(Exercise data):

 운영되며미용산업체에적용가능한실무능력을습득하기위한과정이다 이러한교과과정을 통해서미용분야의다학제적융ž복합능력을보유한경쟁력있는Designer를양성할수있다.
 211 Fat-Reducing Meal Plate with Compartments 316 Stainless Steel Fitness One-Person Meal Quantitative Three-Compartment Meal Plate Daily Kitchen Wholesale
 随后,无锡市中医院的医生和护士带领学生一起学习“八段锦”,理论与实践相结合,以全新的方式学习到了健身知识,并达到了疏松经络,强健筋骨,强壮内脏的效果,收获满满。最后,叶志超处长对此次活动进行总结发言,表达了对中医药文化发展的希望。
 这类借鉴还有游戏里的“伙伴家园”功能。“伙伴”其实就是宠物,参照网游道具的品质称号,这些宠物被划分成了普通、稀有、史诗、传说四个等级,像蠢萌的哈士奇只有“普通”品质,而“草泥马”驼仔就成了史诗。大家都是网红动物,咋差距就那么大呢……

(Brief):
The line containing "211 Fat-Reducing Meal" marks the start. Reproduce it and all lines after it through the end of the listing, exactly and alone.

(Solution):
 211 Fat-Reducing Meal Plate with Compartments 316 Stainless Steel Fitness One-Person Meal Quantitative Three-Compartment Meal Plate Daily Kitchen Wholesale
 随后,无锡市中医院的医生和护士带领学生一起学习“八段锦”,理论与实践相结合,以全新的方式学习到了健身知识,并达到了疏松经络,强健筋骨,强壮内脏的效果,收获满满。最后,叶志超处长对此次活动进行总结发言,表达了对中医药文化发展的希望。
 这类借鉴还有游戏里的“伙伴家园”功能。“伙伴”其实就是宠物,参照网游道具的品质称号,这些宠物被划分成了普通、稀有、史诗、传说四个等级,像蠢萌的哈士奇只有“普通”品质,而“草泥马”驼仔就成了史诗。大家都是网红动物,咋差距就那么大呢……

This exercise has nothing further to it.